To: EL KABONG!!! who wrote (462)4/12/2004 6:07:02 PM
From: The Philosopher  Read Replies (1) | Respond to of 469
 
My investment club used to own JNJ before we closed shop permanently. We had sold them at around 55 or so, back in 2001. We used the proceeds to buy Pfizer (PFE). Neither stock has been a real good performer since then. JNJ is currently selling for less than what we sold for over 2 years ago now. And PFE is up only 10%, give or take, in the same time frame. The price of JNJ stock has been pretty much range-bound since late 2000.

Which means, given that it has been growing sales all that time, that when it does break out it will do so nicely. I hope!

Priority Healthcare... Interesting company... Fantastic numbers as projected by Value Line... I like them at or under $19. If you decide to buy, let the thread know so we can front-run you on the stock... <ggg>

Better you short them -- it seems that my decision to enter an order is a guarantee that the stock price will drop!



To: EL KABONG!!! who wrote (462)4/15/2004 4:04:09 PM
From: - with a K  Respond to of 469
 
ACS Yahoo post:

From Goldman Sachs
by: moralcare 04/15/04 02:09 pm
Msg: 4777 of 4777

Case for outperformance of Affiliated Computer Services shares strengthening
04/15/04 8:05am ET

We reiterate our Outperform rating on Affiliated Computer Services, Inc. (OP/A) within the context of an Attractive coverage view and see the shares as the most attractive in our coverage universe. Although they have performed well recently, we believe that the shares could be poised to break out of their trading range for the following reasons:

*We estimate the company's earnings power for fiscal 2005 at roughly $3.20, considerably above the $3.06 consensus estimate.
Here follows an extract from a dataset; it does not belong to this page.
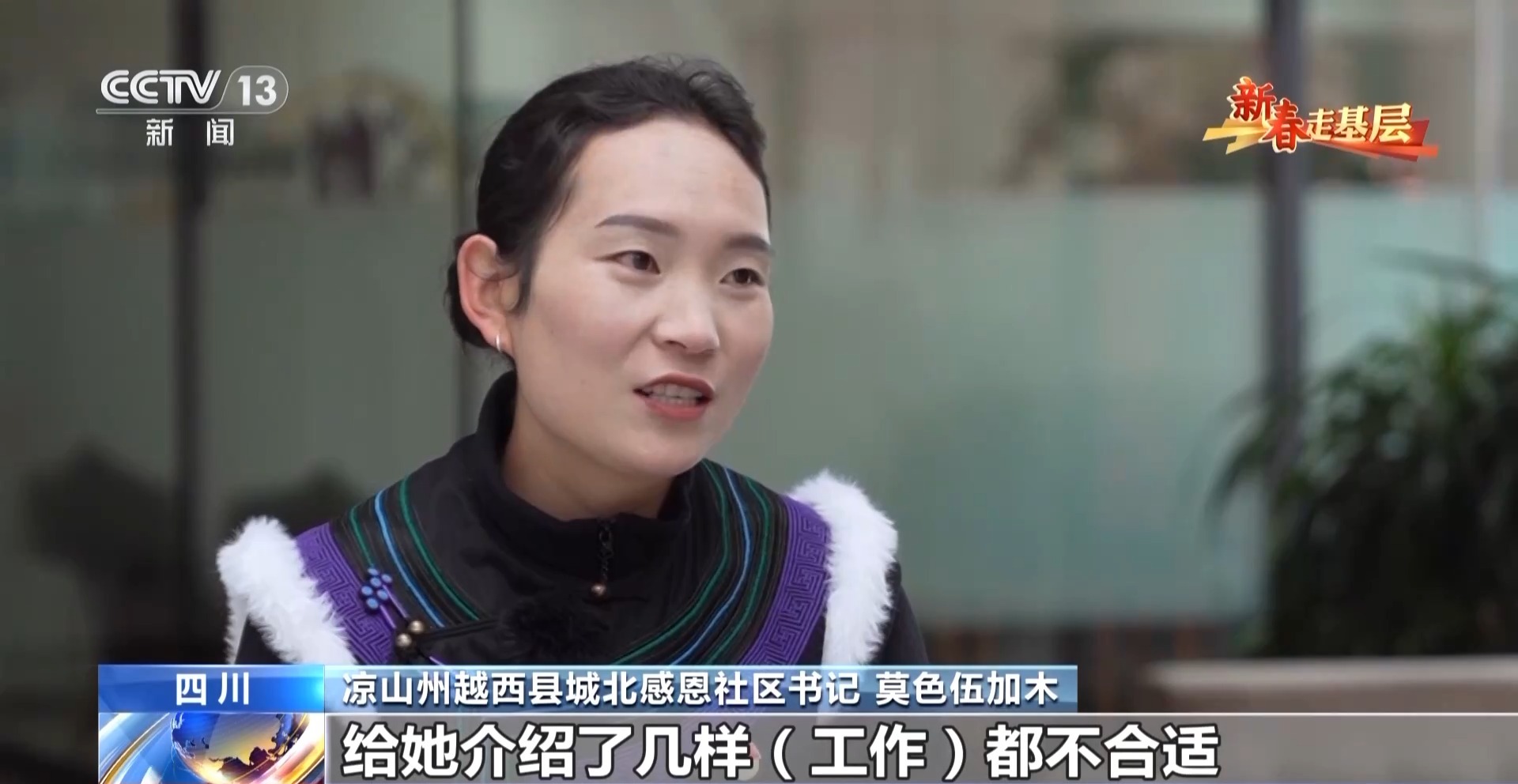 涼山州越西縣城北感恩社區(qū)書記 莫色伍加木:她就找我吵架,給她介紹了幾樣工作都不合適,她說(shuō)那你到底是不是真的給我介紹了,你到底是不是出于好心,你到底安的什么心,我當(dāng)時(shí)我就覺(jué)得太委屈了,要給他們一個(gè)一個(gè)解決,每個(gè)人的需求又不一樣。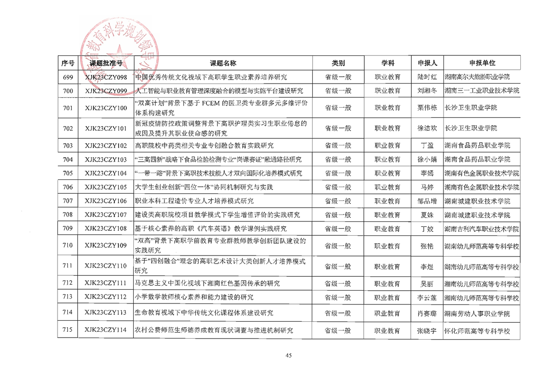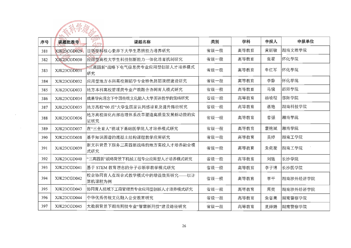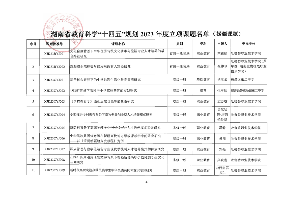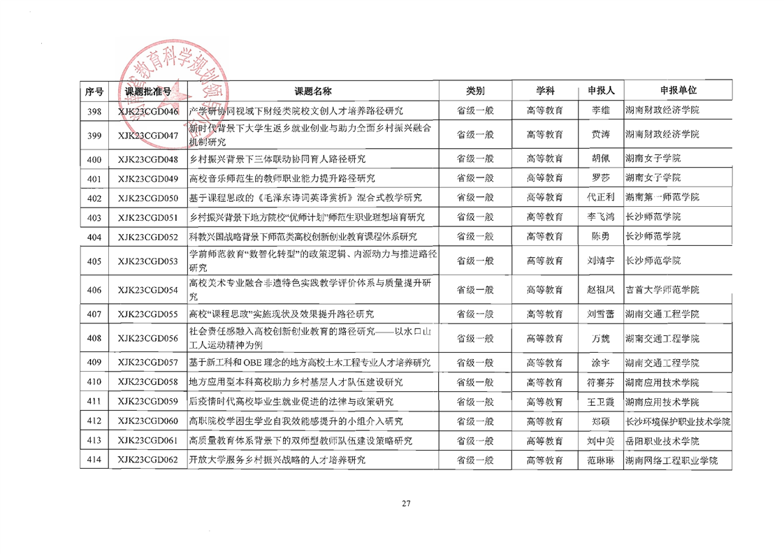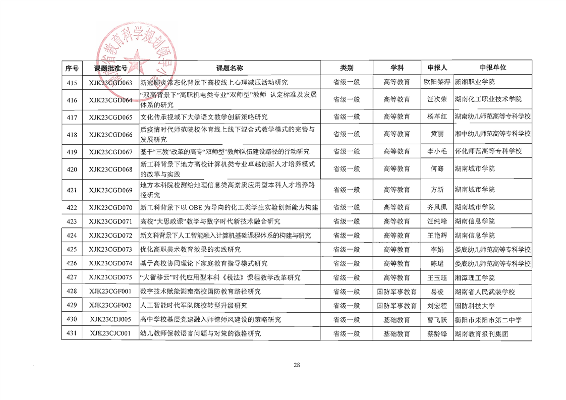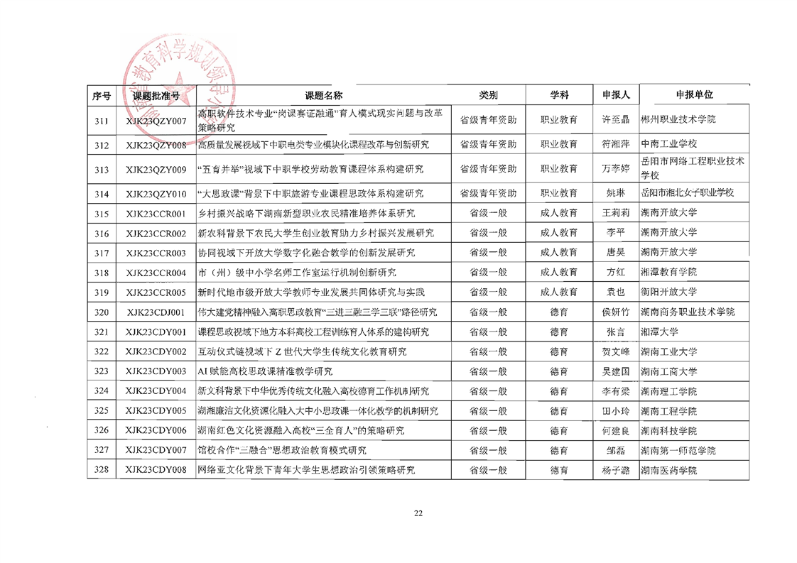我院立项湖南省教育科学“十四五”规划2023年度课题2项

The shares should benefit as estimates rise.

*Recent contract signings are sufficient to meet near-term estimates, with better renewal rates and lower price concessions on renewals adding an extra boost.

*Bookings growth should return to positive territory in the current June quarter, helping investor sentiment.

*The problem contracts in Georgia and Florida aren't hurting bookings as some feared, with the company announcing new wins in similar areas in recent weeks.

*An expansion in the share buyback could add $0.04 to as much as $0.20 to fiscal-2005 EPS.

*The P/E is 15% below the historical average.